The system of semantic inheritance networks, developed by Horty, Thomason and Touretzky (Horty, Thomason and Touretzky 1990), is similar to Pollock's system. Both represent cognitive states by means of directed graphs, with links representing defeasible inferences. The semantic inheritance network theory has a intentionally narrower scope: the initial nodes of the network represent particular individuals, and all non-initial nodes represent kinds, categories or properties. A link from an initial (individual) node to a category node represents simply predication: that Felix (initial node) is a cat (category node), for example. Links between category nodes represent defeasible or generic inclusion: that birds (normally or usually) are flying things. To be more precise, there are both positive (“is a”) and negative (“is not a”) links. The negative links are usually reprented by means of a slash through the body of the arrow.

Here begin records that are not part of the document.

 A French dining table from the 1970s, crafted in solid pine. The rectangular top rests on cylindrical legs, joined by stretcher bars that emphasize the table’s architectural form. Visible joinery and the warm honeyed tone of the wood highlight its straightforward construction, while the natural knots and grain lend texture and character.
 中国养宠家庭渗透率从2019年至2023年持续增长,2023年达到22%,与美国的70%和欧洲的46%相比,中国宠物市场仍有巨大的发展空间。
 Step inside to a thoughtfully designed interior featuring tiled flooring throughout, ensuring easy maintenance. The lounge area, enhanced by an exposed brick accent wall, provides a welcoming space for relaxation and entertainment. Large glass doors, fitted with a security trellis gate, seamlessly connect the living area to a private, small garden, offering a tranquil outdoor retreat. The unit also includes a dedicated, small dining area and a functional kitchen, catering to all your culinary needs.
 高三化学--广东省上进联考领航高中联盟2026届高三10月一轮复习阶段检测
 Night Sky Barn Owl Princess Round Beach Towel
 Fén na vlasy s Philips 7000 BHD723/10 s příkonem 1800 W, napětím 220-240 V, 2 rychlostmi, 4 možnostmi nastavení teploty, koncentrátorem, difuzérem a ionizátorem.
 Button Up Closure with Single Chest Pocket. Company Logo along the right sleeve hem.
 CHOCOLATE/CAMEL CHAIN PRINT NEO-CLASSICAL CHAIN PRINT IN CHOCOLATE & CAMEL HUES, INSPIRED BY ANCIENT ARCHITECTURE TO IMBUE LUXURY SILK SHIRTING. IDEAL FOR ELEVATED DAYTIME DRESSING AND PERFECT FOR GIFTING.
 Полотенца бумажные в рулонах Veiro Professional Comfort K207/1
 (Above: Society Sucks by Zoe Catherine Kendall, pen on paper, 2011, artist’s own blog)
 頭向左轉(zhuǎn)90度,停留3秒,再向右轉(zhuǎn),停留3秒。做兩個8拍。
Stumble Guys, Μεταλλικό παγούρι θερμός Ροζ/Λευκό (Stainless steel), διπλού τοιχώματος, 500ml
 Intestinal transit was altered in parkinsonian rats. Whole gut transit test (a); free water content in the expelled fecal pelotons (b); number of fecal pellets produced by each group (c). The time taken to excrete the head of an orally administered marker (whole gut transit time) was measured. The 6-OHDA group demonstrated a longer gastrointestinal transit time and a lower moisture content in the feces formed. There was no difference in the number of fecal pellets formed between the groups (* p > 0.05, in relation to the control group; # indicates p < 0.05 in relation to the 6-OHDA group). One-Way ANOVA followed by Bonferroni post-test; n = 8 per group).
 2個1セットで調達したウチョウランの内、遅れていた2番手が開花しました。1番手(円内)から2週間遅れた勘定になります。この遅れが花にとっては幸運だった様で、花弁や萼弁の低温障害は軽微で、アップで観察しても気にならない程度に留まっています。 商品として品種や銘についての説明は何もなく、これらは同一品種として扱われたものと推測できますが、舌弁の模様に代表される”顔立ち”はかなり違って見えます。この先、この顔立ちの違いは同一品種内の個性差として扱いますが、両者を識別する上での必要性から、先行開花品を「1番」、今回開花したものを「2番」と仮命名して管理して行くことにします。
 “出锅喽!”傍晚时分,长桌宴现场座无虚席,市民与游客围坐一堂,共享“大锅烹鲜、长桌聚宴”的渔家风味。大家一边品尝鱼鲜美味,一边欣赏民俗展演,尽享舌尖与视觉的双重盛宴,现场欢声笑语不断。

Semantic inheritance networks differ from Pollock's system in two
important ways. First, they cannot represent one fact's constituting
an *undercutting* defeater of an inference, although they can
represent *rebutting* defeaters. For example, they do not allow
an inference from the apparent color of an elephant to its actual
color to be undercut by the information that my color vision is
unreliable, unless I have information about the actual color of the
elephant that contradicts its apparent color. Secondly, they do
incorporate the principle of specificity (the principle that rules
with more specific antecedents take priority in case of conflict) into
the very definition of a warranted conclusion. In fact, in contrast
to Pollock, the semantic inheritance approach gives priority to rules
whose antecedents are weakly or defeasibly more specific. That is, if
the antecedent of one rule is defeasibly linked to the antecedent of a
second rule, the first rule gains priority. For example, if Quakers
are typically pacifists, then, when reasoning about a Quaker pacifist,
rules pertaining to Quakers would override rules pertaining to
pacifists. For the details of semantic inheritance theory, see the
following supplementary document:

Semantic Inheritance Networks.

David Makinson (Makinson 1994) has pointed out that semantic network theory is very sensitive to the form in which defeasible information is represented. There is a great difference between having a direct link between two nodes and having a path between the two nodes being supported by the graph as a whole. The notion of preemption gives special powers to explicitly given premises over conclusions. Direct links always take priority over longer paths. Consequently, inheritance networks lack two desirable metalogical properties: cut and cautious monotony (which will be covered in more detail in the section on Logical Approaches).

- Cut: If
*G*is a subgraph of*G*′, and every link in*G*′ corresponds to a path supported by*G*, then every path supported by*G*is also supported by*G*′. - Cautious Monotony: If
*G*is a subgraph of*G*′, and every link in*G*′ corresponds to a path supported by*G*, then every path supported by*G*′ is also supported by*G*.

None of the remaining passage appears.